Stage 2 only maybe 1 mile long, with a time limit of 45 minutes. Minimum recommended round count was 568 carbine and 532 pistol. On this stage there were no FTE penalties and each hit was worth 1 point, with the exception of the drive-by poppers (25 each), the one clay pigeon (25), and the stop plate (25). Four hits were scored per target on this course of fire, which means that all steel and paper could be hit 4 times for a total of 4 points per target.

This course started out on the obstacle course. Failure to successfully negotiate an obstacle was -50 points per person per obstacle. After the obstacle course was finished, both team members jumped in a HMMV (supplied and driven by the NE ARNG) and zoomed to the first shooting position, which was about 5 plates at 100 yards or so. 20 rounds later, you ran 50 yards to the next position where 8 or so plates were available at 250-500 yards. After you made those 32 hits, you moved forward 30 yards and re-engaged. Once that position was done, you jumped back in the HMMV, and got ready for the drive-by. Upon signal from the on-HMMV RO, you loaded your rifle and the HMMV driver slowed to about 5 mph. At this speed, you engaged a total of 10 poppers at 25-40 yards away as many times as you could. Most people could get off 2 or 3 30-round magazines. Each hit here was worth 25 points.

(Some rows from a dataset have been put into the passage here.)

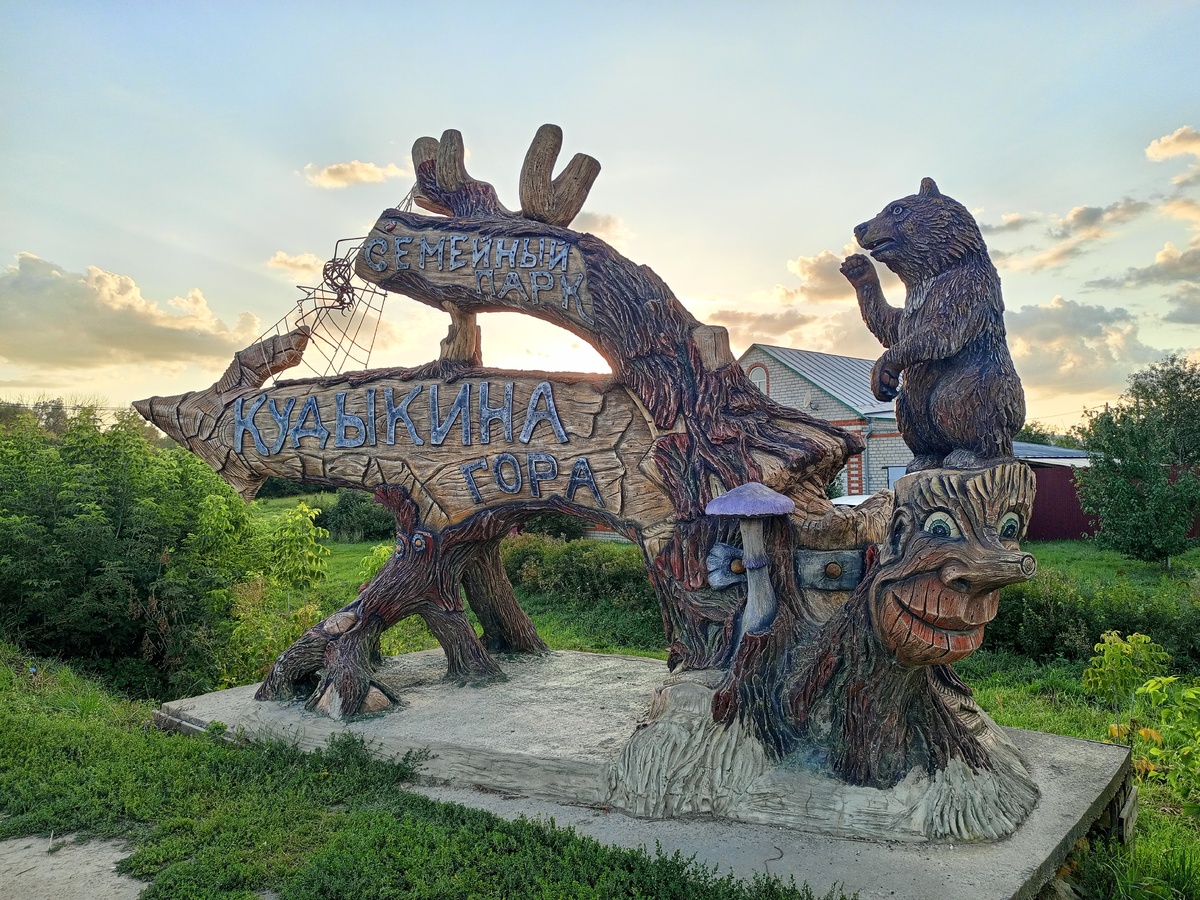 Путешествуя по городам, я всегда обращаю внимание на интересные вывески, названия мест, которые посещаю, магазинов, музеев. Ох, где я только не была, и на Кудыкиной Горе, и в Тигулях, и в Глухомани. ))))) Частенько я собираю коллекцию из необычных названий в каждом городе, буду делиться с Вами своими подборочками. Сегодня будет такая небольшая обзорная статья , покажу Вам места с забавными названиями, где была я , а Вы в комментариях пишите, где были Вы. Первое место в моем списке занимает Парк с необычным названием "Кудыкина гора" , который расположен в Задонском районе Липецкой области. Что же обозначает выражение "Кудыкина гора"? 👀Происходит от русского слова кудыка (образование от наречия куды) — человека, спрашивающего охотника, куда тот направляется. По народному поверью делать это строго воспрещается, поэтому в ответ этому человеку охотники обычно говорят: на кудыкину гору, на кудыкино поле, на кудыкин остров ✔Согласно словарю Даля, словосочетание кудыкать кур означает «с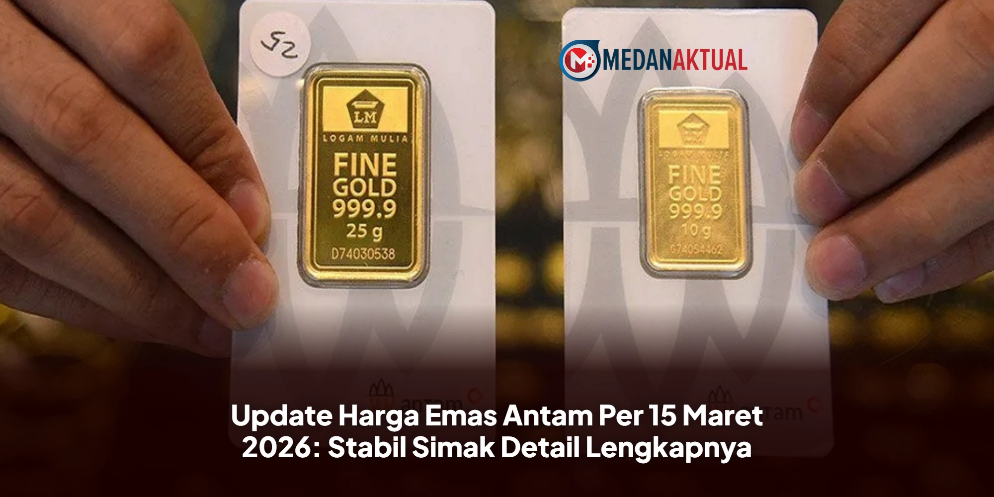 Harga emas batangan Antam pada hari Minggu, 15 Maret 2026, berada di level Rp 2.997.000 per gram, tidak berubah (stagnan) dibandingkan dengan harga pada hari Sabtu sebelumnya.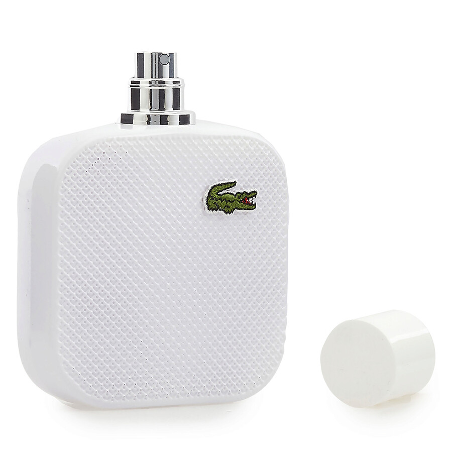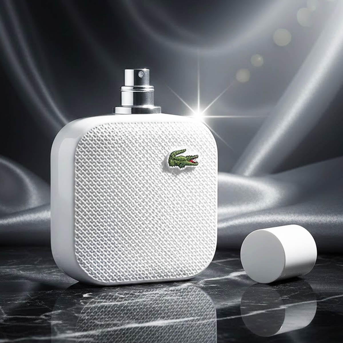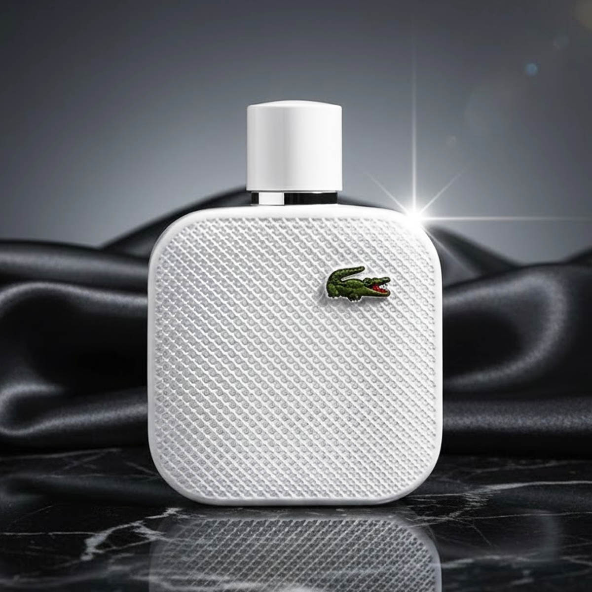 زجاجة بيضاء أنيقة تحمل شعار التمساح الكلاسيكي، بتصميم مستوحى من قميص Lacoste الأبيض، وتغليف أبيض بسيط يعكس روح العطر النقية والعصرية.

The HMMV drove maybe 100 more yards and dumped you at the first of four platforms from which 22 targets could be engaged for a total of 88 points possible (88 shots). The second position was a shooting tower maybe 30' high to be climbed. The third position was a "sniper's hide" and the fourth was a trap platform. Once done at the trap platform, you could engage one flying trap pigeon with one shot from a supplied shotgun. Then you ran down the hill engaged possible 20 more rifle shots from a shooting box with ports.

At this point the carbine shooter was finished; he ditched his carbine, and the other team member ran into the shoot-house with his pistol. The shoot-house required around 500 rounds. This meant that unless you had 25 loaded mags, the carbine shooter had to follow behind and load the dropped mags.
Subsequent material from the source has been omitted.